Della’s eyes widened. “Do you think that would be alright? I mean, I wouldn’t want to intrude on your private time with your brother.”
“I am sure he will be pleased if you come.”
“Oh, this is so exciting! You have no idea. Thank you so much. A real Russian village?”
Anastasia laughed. “Yes, a real Russian village. Like the one we passed a few moments ago.”
Della stepped off the train and reached back for her bags that were sitting near the door. Another passenger beat her to them and lifted them down to the platform with ease.
“Thank you so much,” she said as the other passenger stepped back on the train and got his own bags.
One thing Della had noticed was that the people in Russia were polite and helpful, especially in the train stations.
She turned to see Anastasia hugging one of the most handsome, tall, dark, rugged men she’d ever seen in her life.
Good God! That is her brother? Della felt like she had stood there forever, staring at the man with her mouth hanging open. Finally, they came towards her.
“Della, this is my brother, Valentin.”
“Hello,” was Della’s whispery reply. It was difficult to talk. She was tongue-tied.
“I am most happy t
o meet you,” he said in a deep, pleasant voice. “Anastasia tells me you are to stay for the meal to welcome her.” His eyes were ebony and sexy and his smile revealed teeth that were perfect and gleaming.
“I hope I am not inconveniencing you,” Della managed to sputter.
“Of course not, you are most welcome. Come, I will take your bags. Go with Anastasia.”
Anastasia took Della’s arm and led her toward the opposite platform where the car was parked beyond.
“You didn’t tell me your brother is so gorgeous. I’m embarrassed at my blushing and my tongue hanging out when I saw him.”

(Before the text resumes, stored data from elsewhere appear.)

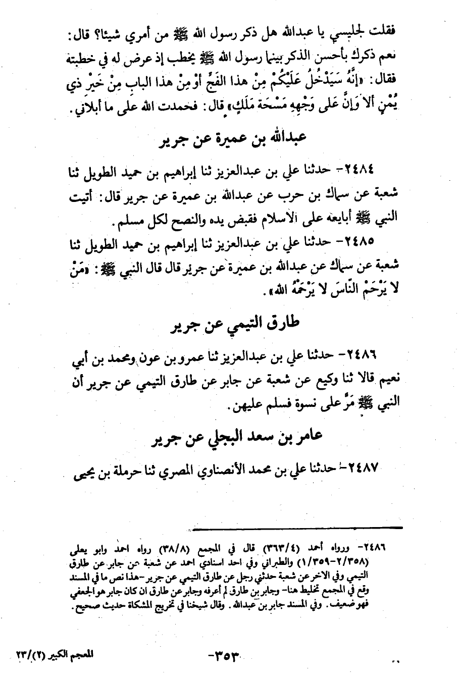 2486 - حَدَّثَنَا عَلِيُّ بْنُ عَبْدِ الْعَزِيزِ، ثنا عَمْرُو بْنُ عَوْنٍ، وَمُحَمَّدُ بْنُ أَبِي نُعَيْمٍ، قَالَا: ثنا وَكِيعٌ، عَنْ شُعْبَةَ، عَنْ جَابِرٍ، عَنْ طَارِقٍ التَّيْمِيِّ، عَنْ جَرِيرٍ: «أَنَّ النَّبِيَّ صَلَّى اللهُ عَلَيْهِ وَسَلَّمَ §مَرَّ عَلَى نِسْوَةٍ فَسَلَّمَ عَلَيْهِنَّ»
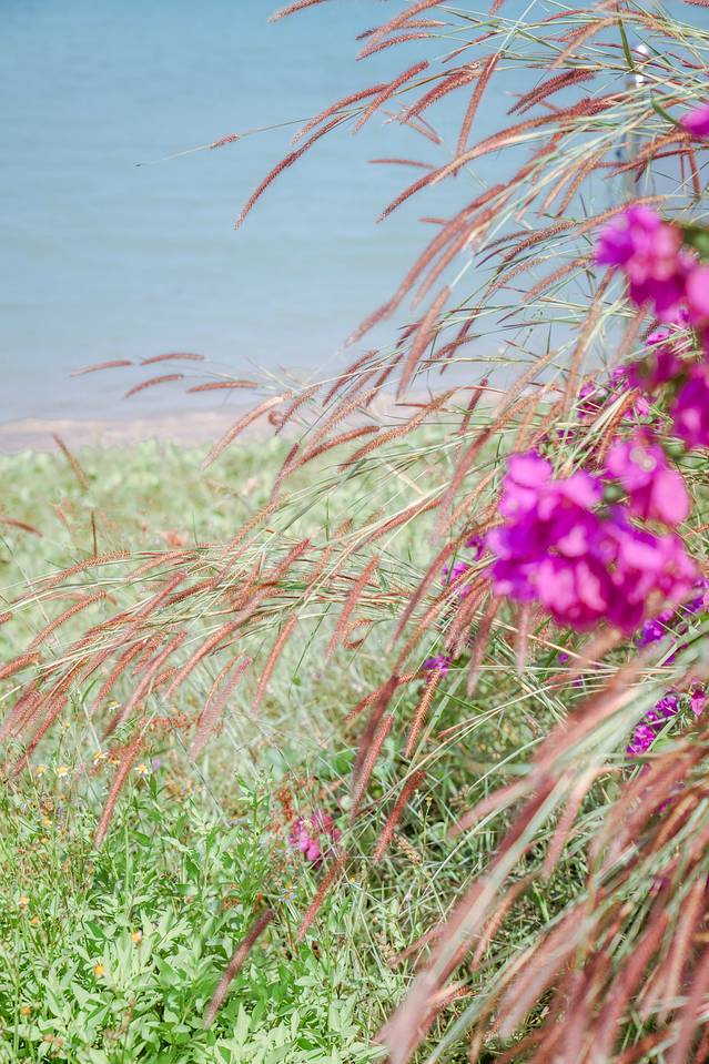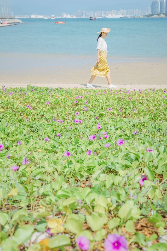 沙滩虽小,却是一幅生机勃勃的景象:细沙上牵牛花洒满一地,海滩旁三角梅迎风飘扬,连野生的狗尾巴草也舞的正欢……
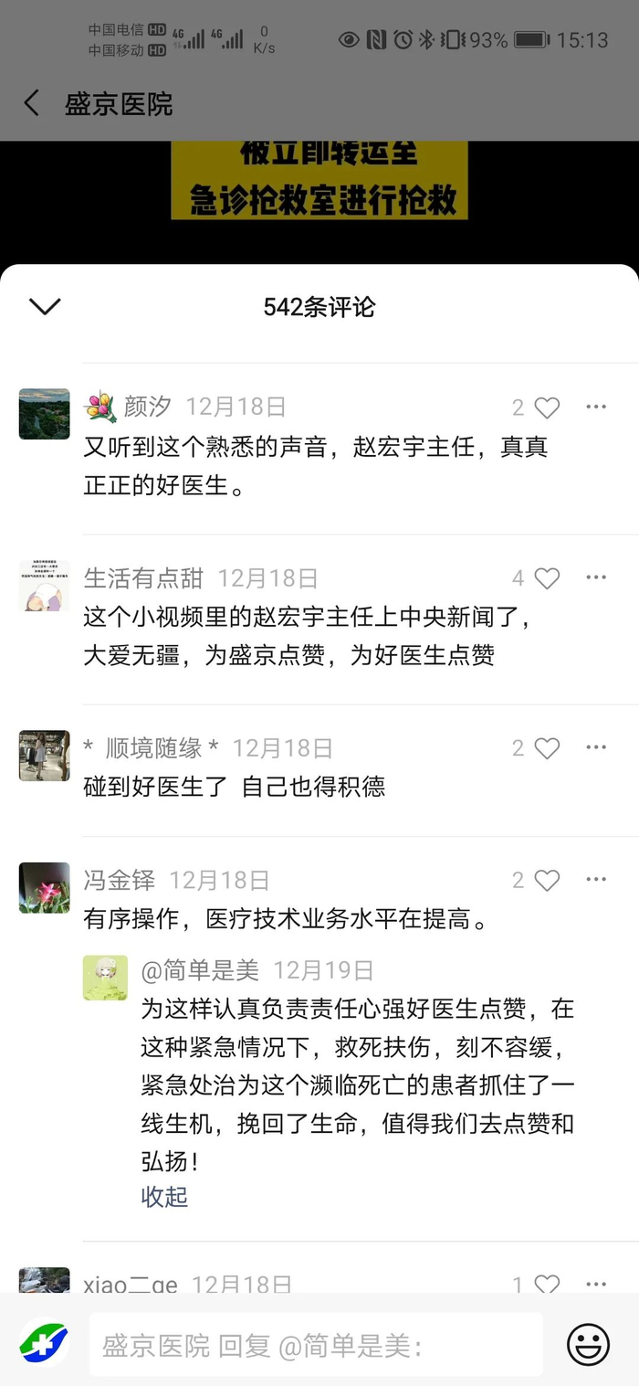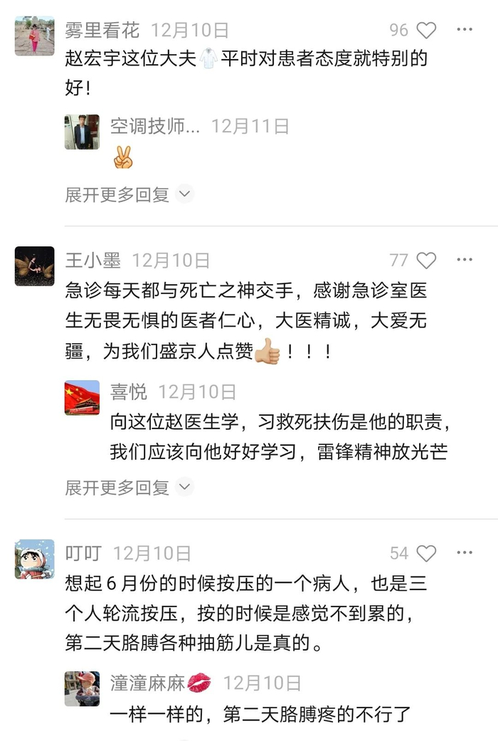 急诊科医生赵宏宇接到消息后顾不上穿外套,第一时间火速奔赴现场,并带领医护人员对患者进行了标准、及时、不间断的抢救,成功挽救了患者生命!
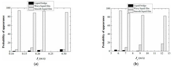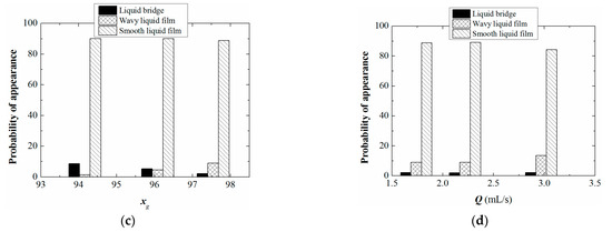 As mentioned in Wang et al. [34], the slug–annular flow was a compound flow pattern, which includes three sub-patterns, like a liquid bridge, wavy liquid film, and smooth liquid film, which are classified based on their different flow forms and momentums fluxes. In addition, the momentums of three sub-patterns could be sorted in descending order: liquid bridge > wavy liquid film > smooth liquid film, which had a significant effect on the liquid distribution, and the appearing probabilities of the three sub-patterns were related to the phase distribution. It is necessary to obtain the statistics of the appearing probabilities of sub-patterns. Therefore, the probability of the appearance of three sub-patterns in these experiments was also obtained (Figure 7). It is observed that increasing the appearing probabilities of the liquid bridge decreases the liquid mass fraction in the channels at the rear part of the header. This is because the liquid with a higher momentum prefers to stay in the header and enters the last few channels at the header while plenty of liquid blocks those channels and increases the pressure decrease, and then the liquid flows into the front channels gradually with the increasing appearing probabilities of the liquid bridge. Moreover, the wavy film has the same effect as the liquid bridge. Therefore, in series-d, the liquid tends to feed the channels at the rear part of the header when the inlet volume flow rate increases, although the probability of the liquid bridge remains unchanged. Conversely, it is notable that each liquid bridge contains much more liquid than each wavy film, and the effect of the former is dominant when they go against each other. In addition, since the smooth film has the lowest momentum, most of the liquid film can be divided into the branch channels at the fore part of the header.
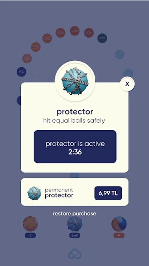 The ball that is hit to the opposite side starts to spin. Then, when a new ball is hit, they merge if it is the same number. The goal is to reach the highest possible score. If you are not using helper and hit the ball on the other ball, the game is over.
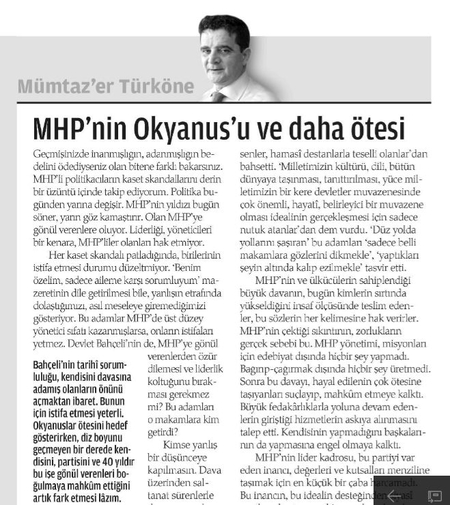 12 Mayıs 2011: Zaman gazetesi yazarı Mümtazer Türköne'nin, "MHP'nin Okyanus'u ve daha ötesi" başlıklı köşe yazısında; "Devlet Bahçeli'nin tarihî sorumluluğu, kendisini inancına, davasına adamış olanların önünü açmaktan ibaret. Bunun için istifa etmesi yeterli. Okyanuslar ötesini hedef gösterirken, diz boyunu geçmeyen bir derede kendisini, partisini ve 40 yıldır bu işe gönül verenleri boğulmaya mahkûm ettiğini artık fark etmesi lâzım" iddiasında bulundu.
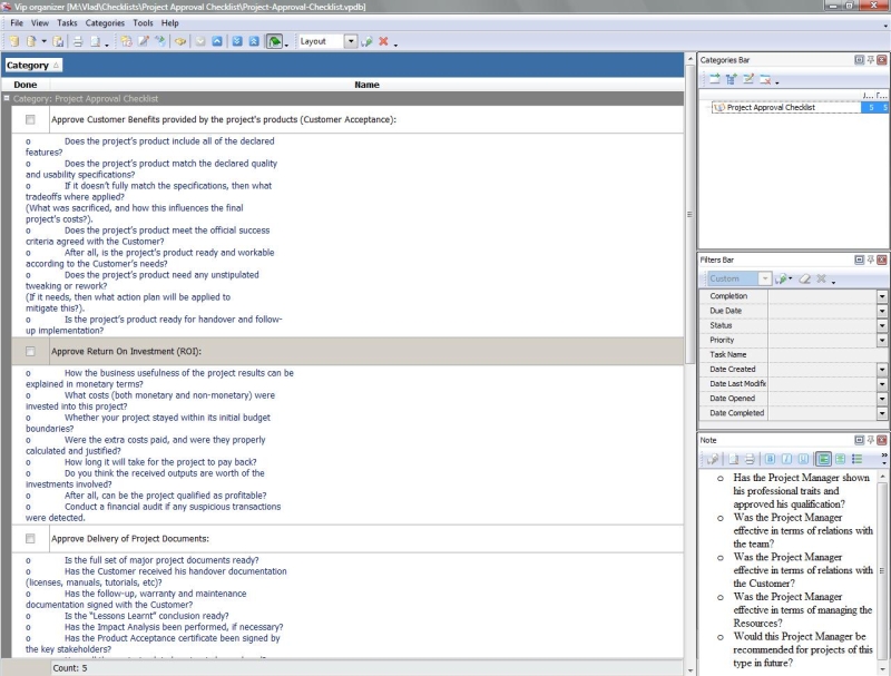 This Project Approval Checklist is created to help those managers who need to ensure that their projects satisfy certain criteria and can be approved as ones matching their goals and requirements. With a help of this checklist you will know how to approve customer benefits, return on investment, and much more.   Project Approval Checklist
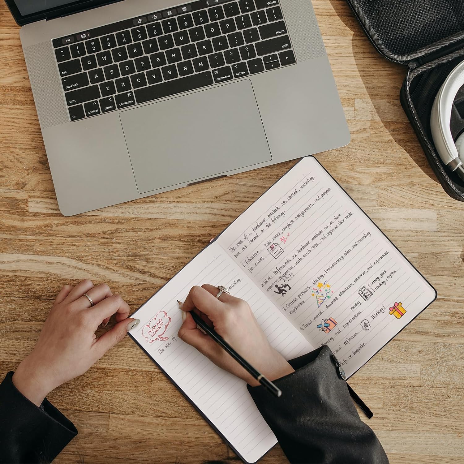 • 【Hardcover Journaling Notebook】Featuring soft-touch vegan leather cover for writing durability. Perfect for work, school, or home.
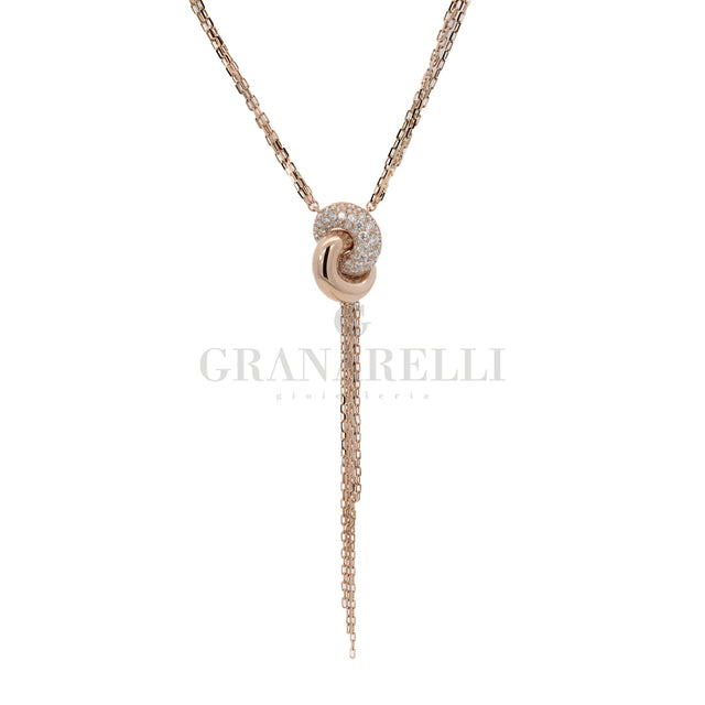 Collana in oro rosa, con cravattino loop e pavè di diamanti
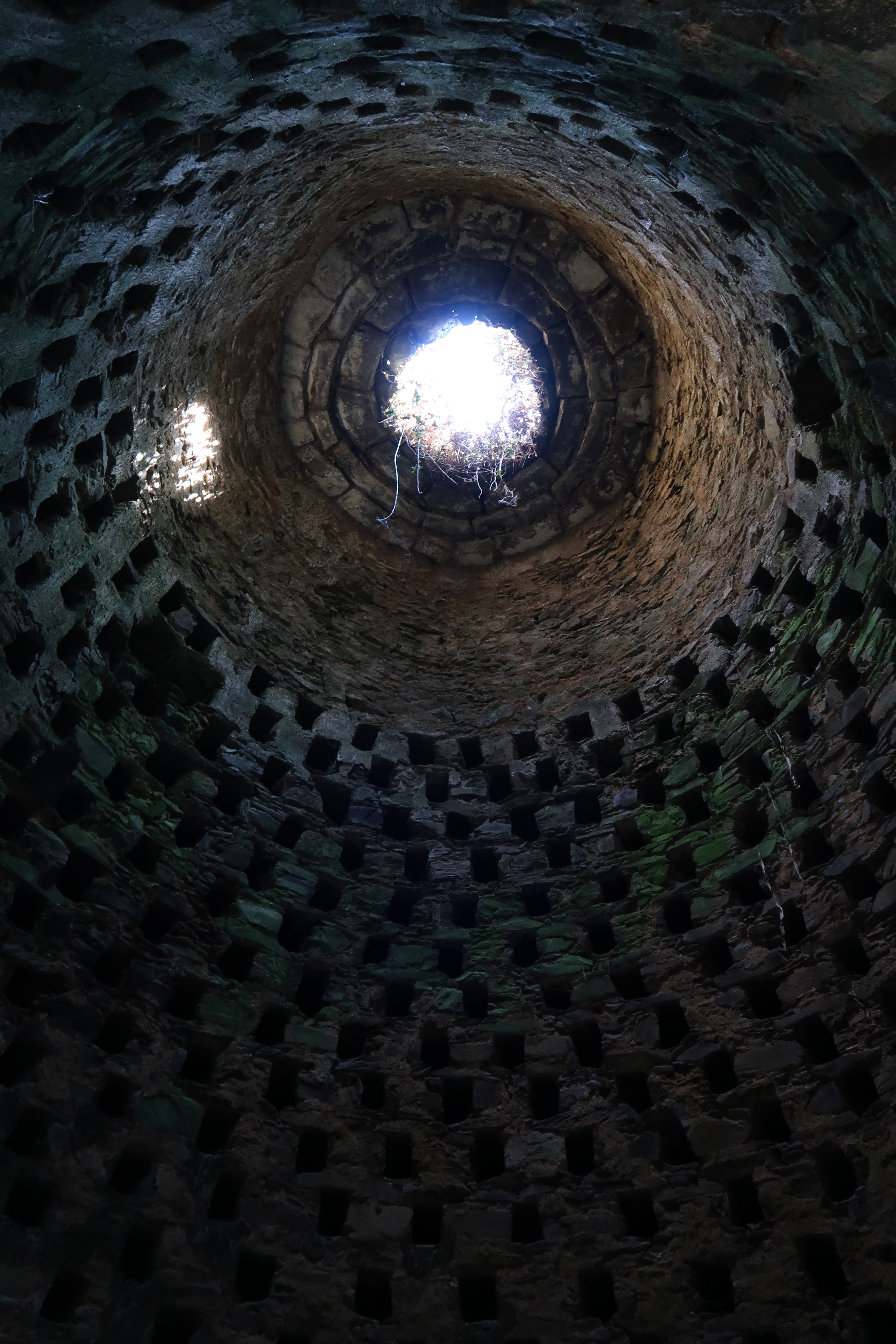 Minihy-Tréguier : colombier de Kermartin, vue de l'intérieur, détail des niches disposés par rangées superposées et disposés en quinconce (par arrangement de cinq unités)Immatriculation

She laughed. “Everyone reacts that way when they first see my brother.”
“I can’t imagine why he has never married. He looks like a Marlborough model.”
“Marlborough?”
“Cigarettes, The guy with tons of sex appeal that is usually sitting on a horse in the ads. American cigarette advertisements. Maybe you don’t get them over here.”
“Oh, I see. Well, Valentin has not met a woman he wants to marry, and he is such a busy man. You call it workaholic, yes?”
“Yes,” Della chuckled, remembering that was what her everyone called her—a workaholic. She hadn’t married either. And the most recent attempt at a relationship had been disastrous. She had allowed a younger man to worm his way into her life, right into her house, even, and after several times telling him to literally “get out” he still hadn’t left. She’d been staying in Manhattan in her townhouse while he was entrenched in her country home.
Before she left on the trip, her assistant said she would handle it and would make sure he was out of there before Della returned. So that’s where she left it. As it had turned out, Kaman was a con man from the get-go. A suave, good-looking Latin playboy with a hell of a phony story, and she had fallen for it hook, line, and sinker.